Dan Bejar gibt sich gerne geheimnisvoll. Seit mehr als zwei Jahrzehnten begeistert der inzwischen 47-jährige kanadische Tausendsassa in seiner Band Destroyer mit kryptischer Lyrik, gut dosiertem Pathos und wohliger Melancholie ein stetig wachsendes Publikum, obwohl, oder gerade weil im Spannungsfeld von Eklektizismus und Exzentrik nie ganz klar ist, wohin die Reise geht. Auch das nun erscheinende, inzwischen zwölfte Destroyer-Album, ´Have We Met´, wirft wieder mehr Fragen auf, als es beantwortet.

Glaubt man dem Waschzettel der Plattenfirma zum neuen Destroyer-Album, hatte Mastermind Dan Bejar bei der Arbeit an ´Have We Met´ sehr spezifische konzeptionelle Vorstellungen und explizite Inspirationsquellen. Im Gespräch mit Westzeit beim Pressestopp in Berlin Ende November will der alte Zausel davon allerdings nichts mehr wissen.

„Ideen sind nur ein Haufen Worte, und Musik ist das Gegenteil von Worten“, ist er überzeugt. „Wenn du Musik machst, kann dir nichts Besseres passieren, als dass jegliche Art von Konzept über Bord geht, denn so stößt du zu den Sounds vor, die du magst, die dich interessieren. Es geht darum, sich der Musik instinktiv und nicht konzeptionell oder intellektuell zu nähern.“

Doch selbst ohne fest vorgegebenen Rahmen gilt bei der Produktion einer Destroyer-Platte keineswegs das Motto „Anything goes“.
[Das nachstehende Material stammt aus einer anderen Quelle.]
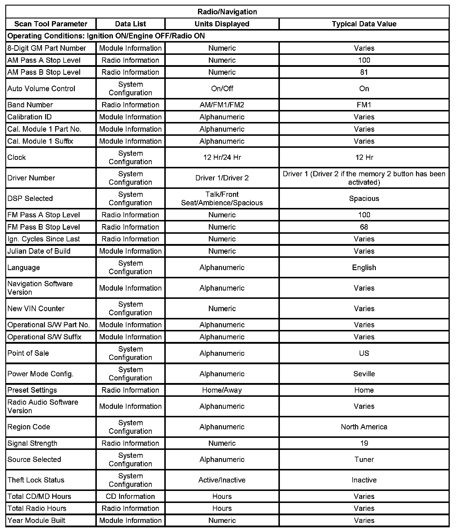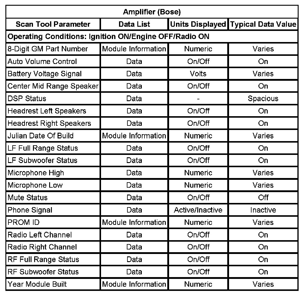 Scan Tool Data List
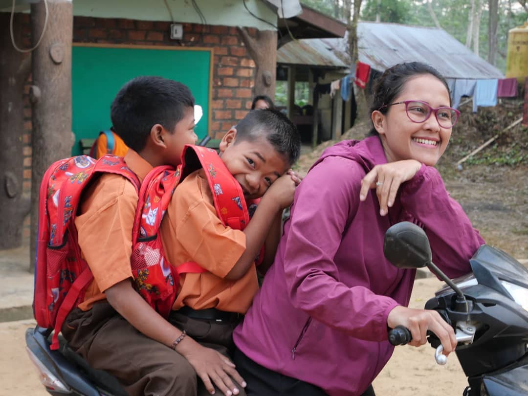 Senangnya hatiku. Pagi ini Bu Guru Juana @Yohanamarpaungg tersenyum lebar. Dia mengantar, Nyeser dan Besimbur, dua anak Suku Rimba yg meneruskan sekolah ke SD Air Panas, di luar kompleks Taman Nasional Bukit Dua Belas (TNBD), Jambi.
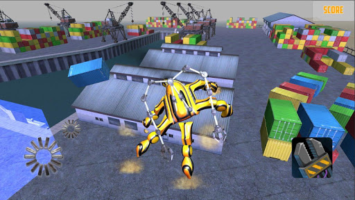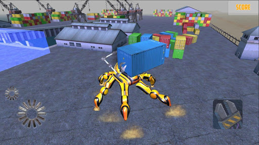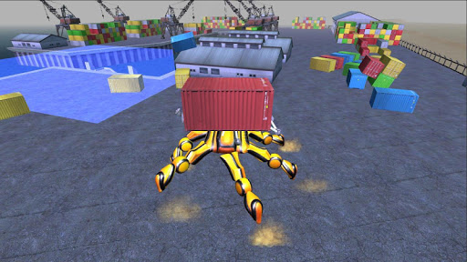 Kargo makinesinin robot kolu sayesinde blokları rıhtıma saklarken, 6 bacak örümcekiyle benzersiz bir model bu robot ve robot pilotu arasındaki malların taşınmasının geleceği uzaktan kumandalı drone ile kutuları iyi limanlara taşır!
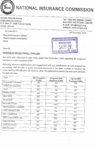 A release from the National Insurance Commission (NIC) says the increase results from extensive deliberations and engagement with key stakeholders on proposals submitted by the Ghana Insurers Association (GIA).
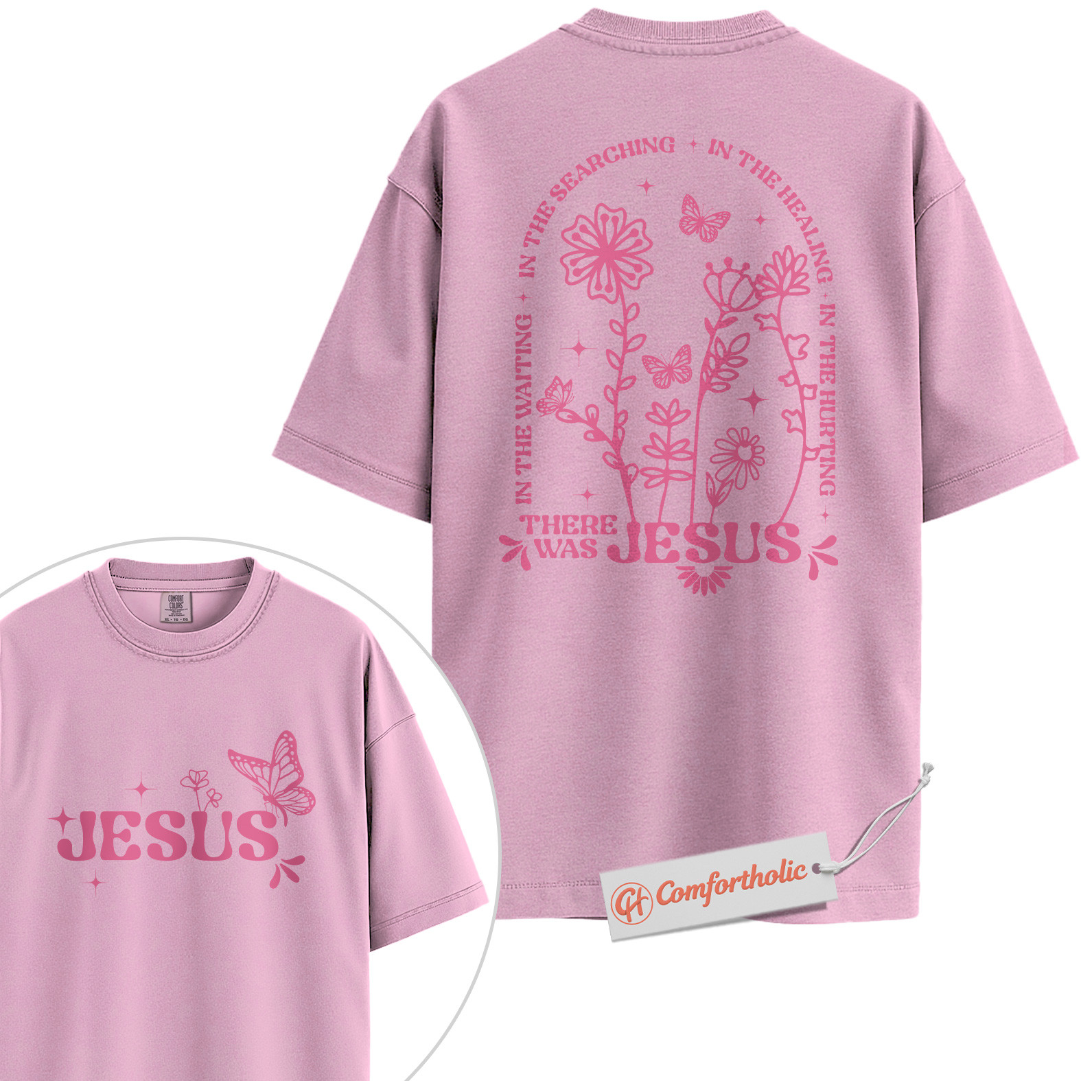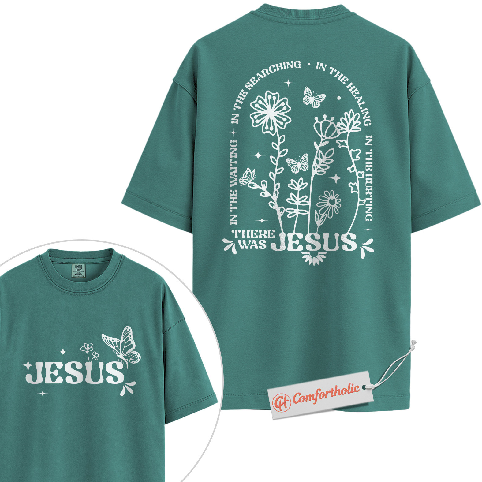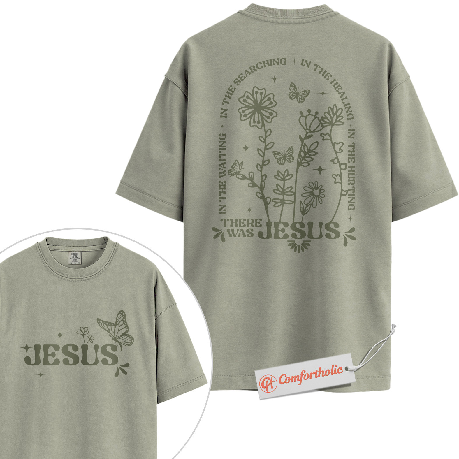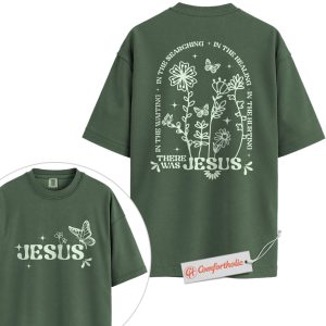 There Was Jesus Shirt, Christian Shirt, Butterfly Floral Shirt, Faith Quote Bible Verse Shirt, Spiritual Healing Shirt, Comfort Colors Shirt 2-Sided

„Ich arbeite immer mit einem Sicherheitsnetz“, verrät Bejar. „Die Songs sind fertig geschrieben, bevor ich mir Gedanken darüber mache, wie sie später klingen sollen. Zuerst geht es immer darum, genug Songs zusammenzuhaben, die stark genug sind, dass sie jeglicher Art von Bearbeitung aushalten. Das versorgt mich gleichzeitig mit dem Mut, sie richtig durch den Wolf zu drehen.“

Das hat Bejar auch dieses Mal wieder getan. Seine rudimentären, am heimischen Küchentisch aufgenommenen Demos, deren naturbelassene Gesangsspuren letztlich auch auf der fertigen Platte zu hören sind, legte Bejar in die Hände seines langjährigen Mitstreiters John Collins, der in akribischer Kleinarbeit am Computer mit lauten Beats aus der Dose, einem aggressiven, betont direkten Bass, Synth-Pop-Anleihen, die dezent auf Destroyers 2011er Breakthrough-Album ´Kaputt´ verweisen, und einer ordentlichen Portion Eigensinn komplette Klangwelten für die Kompositionen konstruierte. Doch selbst die Ideen von Collins, der einst als Produzent für das Soundgewand von Platten wie ´Mass Romantic´ der New Pornographers verantwortlich zeichnete, waren nicht in Stein gemeißelt.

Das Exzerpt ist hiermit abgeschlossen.